» **What to produce**
The listing below must be repeated word for word, without its pictures.

» **Data below**
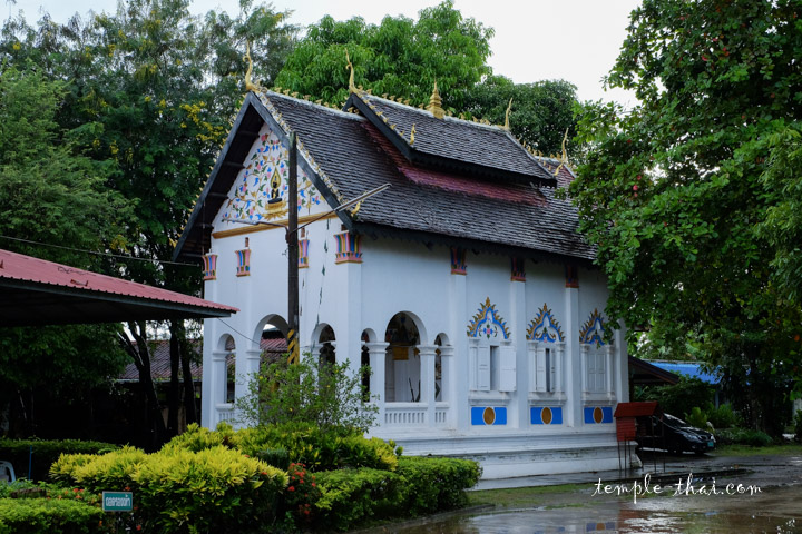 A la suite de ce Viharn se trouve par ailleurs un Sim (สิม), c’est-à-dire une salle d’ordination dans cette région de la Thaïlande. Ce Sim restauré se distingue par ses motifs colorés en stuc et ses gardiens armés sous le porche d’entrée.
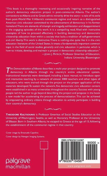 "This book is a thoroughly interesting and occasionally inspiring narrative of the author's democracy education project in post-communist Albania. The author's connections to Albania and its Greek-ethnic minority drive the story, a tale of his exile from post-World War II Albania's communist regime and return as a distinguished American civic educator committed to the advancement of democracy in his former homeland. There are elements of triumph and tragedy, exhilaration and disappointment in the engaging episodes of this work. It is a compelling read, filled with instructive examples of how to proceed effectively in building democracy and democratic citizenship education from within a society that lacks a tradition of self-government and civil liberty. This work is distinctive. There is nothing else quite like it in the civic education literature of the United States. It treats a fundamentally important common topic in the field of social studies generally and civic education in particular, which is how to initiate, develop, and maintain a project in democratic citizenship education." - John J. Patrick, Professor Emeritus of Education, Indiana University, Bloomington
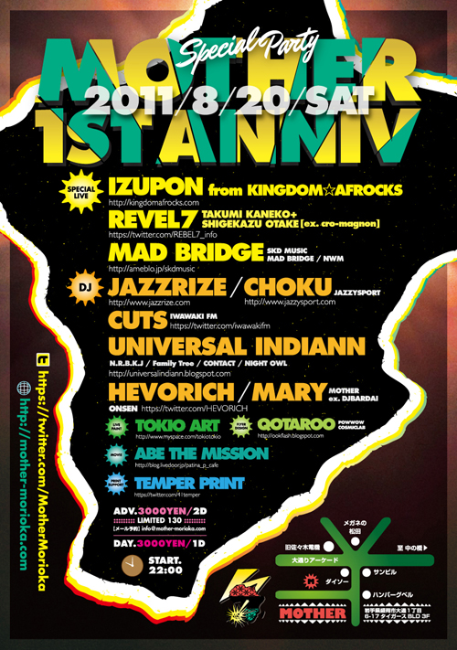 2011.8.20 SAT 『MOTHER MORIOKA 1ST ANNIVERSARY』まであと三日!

» **Expected answer**
 A la suite de ce Viharn se trouve par ailleurs un Sim (สิม), c’est-à-dire une salle d’ordination dans cette région de la Thaïlande. Ce Sim restauré se distingue par ses motifs colorés en stuc et ses gardiens armés sous le porche d’entrée.
 "This book is a thoroughly interesting and occasionally inspiring narrative of the author's democracy education project in post-communist Albania. The author's connections to Albania and its Greek-ethnic minority drive the story, a tale of his exile from post-World War II Albania's communist regime and return as a distinguished American civic educator committed to the advancement of democracy in his former homeland. There are elements of triumph and tragedy, exhilaration and disappointment in the engaging episodes of this work. It is a compelling read, filled with instructive examples of how to proceed effectively in building democracy and democratic citizenship education from within a society that lacks a tradition of self-government and civil liberty. This work is distinctive. There is nothing else quite like it in the civic education literature of the United States. It treats a fundamentally important common topic in the field of social studies generally and civic education in particular, which is how to initiate, develop, and maintain a project in democratic citizenship education." - John J. Patrick, Professor Emeritus of Education, Indiana University, Bloomington
 2011.8.20 SAT 『MOTHER MORIOKA 1ST ANNIVERSARY』まであと三日!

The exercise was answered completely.